[Data records]
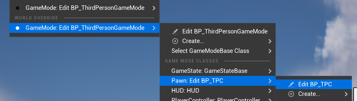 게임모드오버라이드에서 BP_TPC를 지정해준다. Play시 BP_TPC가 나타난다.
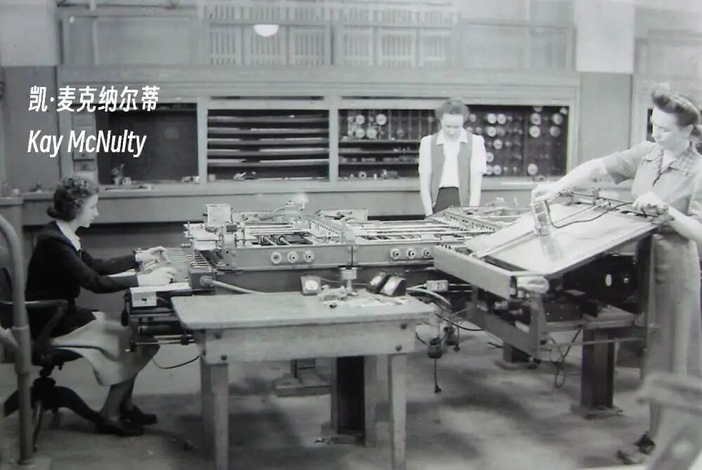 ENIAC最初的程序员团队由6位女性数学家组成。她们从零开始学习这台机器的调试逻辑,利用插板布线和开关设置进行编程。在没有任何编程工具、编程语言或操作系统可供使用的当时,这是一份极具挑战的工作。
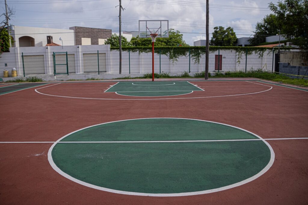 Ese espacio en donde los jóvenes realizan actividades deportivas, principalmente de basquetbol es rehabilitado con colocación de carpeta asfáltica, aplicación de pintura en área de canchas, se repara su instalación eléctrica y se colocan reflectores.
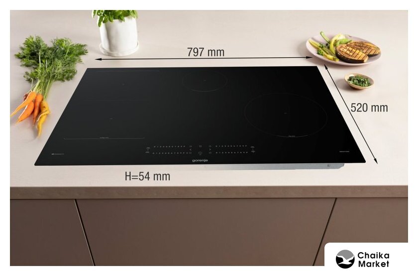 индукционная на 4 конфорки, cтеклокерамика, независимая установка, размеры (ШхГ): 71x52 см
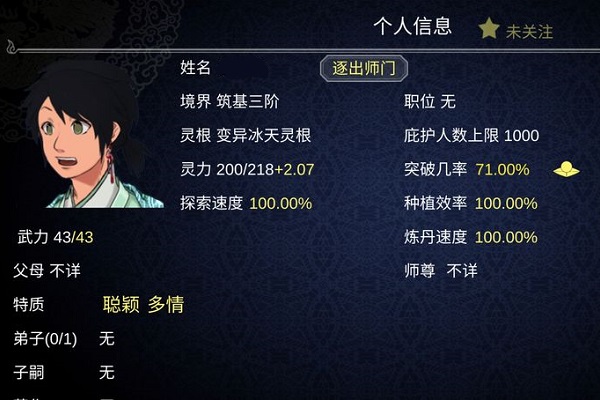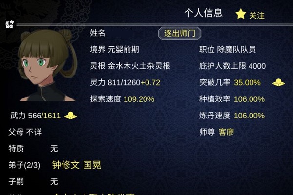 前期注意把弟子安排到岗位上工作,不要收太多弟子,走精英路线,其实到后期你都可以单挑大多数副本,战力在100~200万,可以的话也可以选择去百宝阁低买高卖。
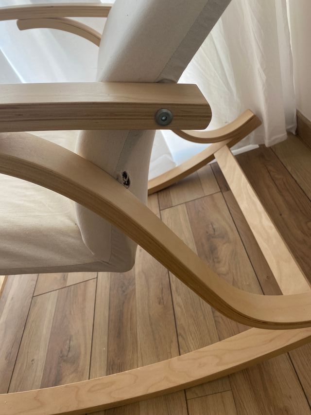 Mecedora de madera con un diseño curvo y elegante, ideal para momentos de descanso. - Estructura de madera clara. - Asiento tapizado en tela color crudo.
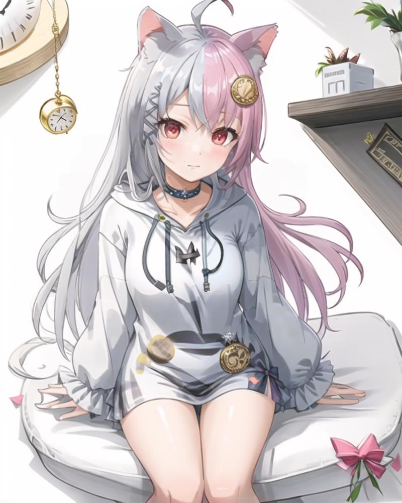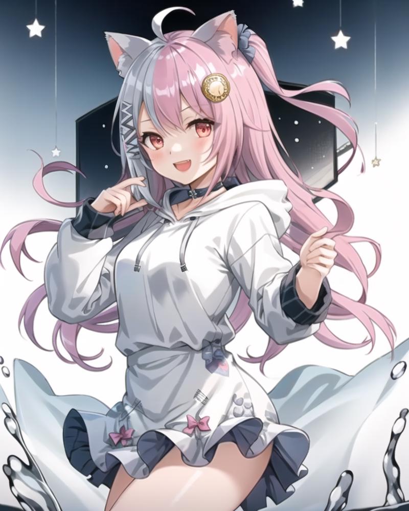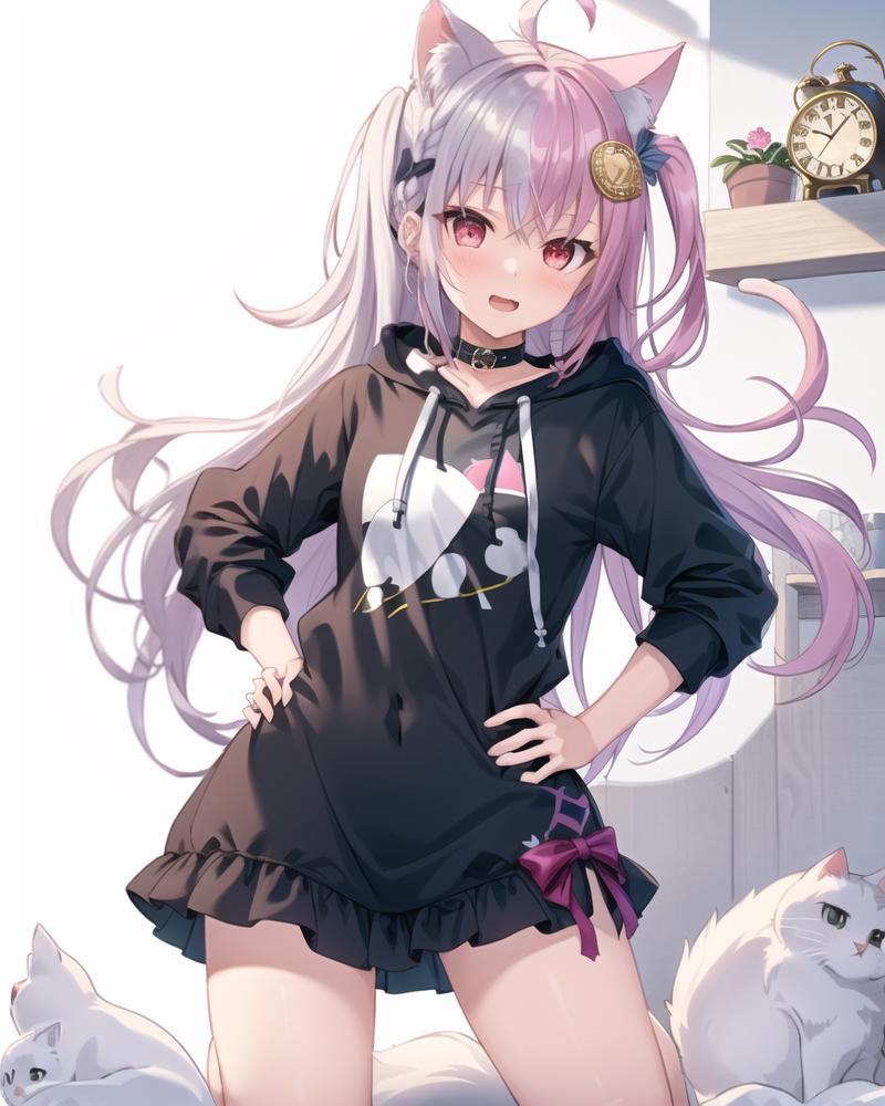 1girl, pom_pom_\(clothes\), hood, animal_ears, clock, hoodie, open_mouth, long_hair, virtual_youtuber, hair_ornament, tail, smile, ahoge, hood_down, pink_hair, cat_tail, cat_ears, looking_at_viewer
[/Data records]
**Task instructions**
I would like you to set down the lines above, from the one containing "ENIAC最初的程序员团队由" to the final line, exactly as written and without pictures.

**Exercise solution**
 ENIAC最初的程序员团队由6位女性数学家组成。她们从零开始学习这台机器的调试逻辑,利用插板布线和开关设置进行编程。在没有任何编程工具、编程语言或操作系统可供使用的当时,这是一份极具挑战的工作。
 Ese espacio en donde los jóvenes realizan actividades deportivas, principalmente de basquetbol es rehabilitado con colocación de carpeta asfáltica, aplicación de pintura en área de canchas, se repara su instalación eléctrica y se colocan reflectores.
 индукционная на 4 конфорки, cтеклокерамика, независимая установка, размеры (ШхГ): 71x52 см
 前期注意把弟子安排到岗位上工作,不要收太多弟子,走精英路线,其实到后期你都可以单挑大多数副本,战力在100~200万,可以的话也可以选择去百宝阁低买高卖。
 Mecedora de madera con un diseño curvo y elegante, ideal para momentos de descanso. - Estructura de madera clara. - Asiento tapizado en tela color crudo.
 1girl, pom_pom_\(clothes\), hood, animal_ears, clock, hoodie, open_mouth, long_hair, virtual_youtuber, hair_ornament, tail, smile, ahoge, hood_down, pink_hair, cat_tail, cat_ears, looking_at_viewer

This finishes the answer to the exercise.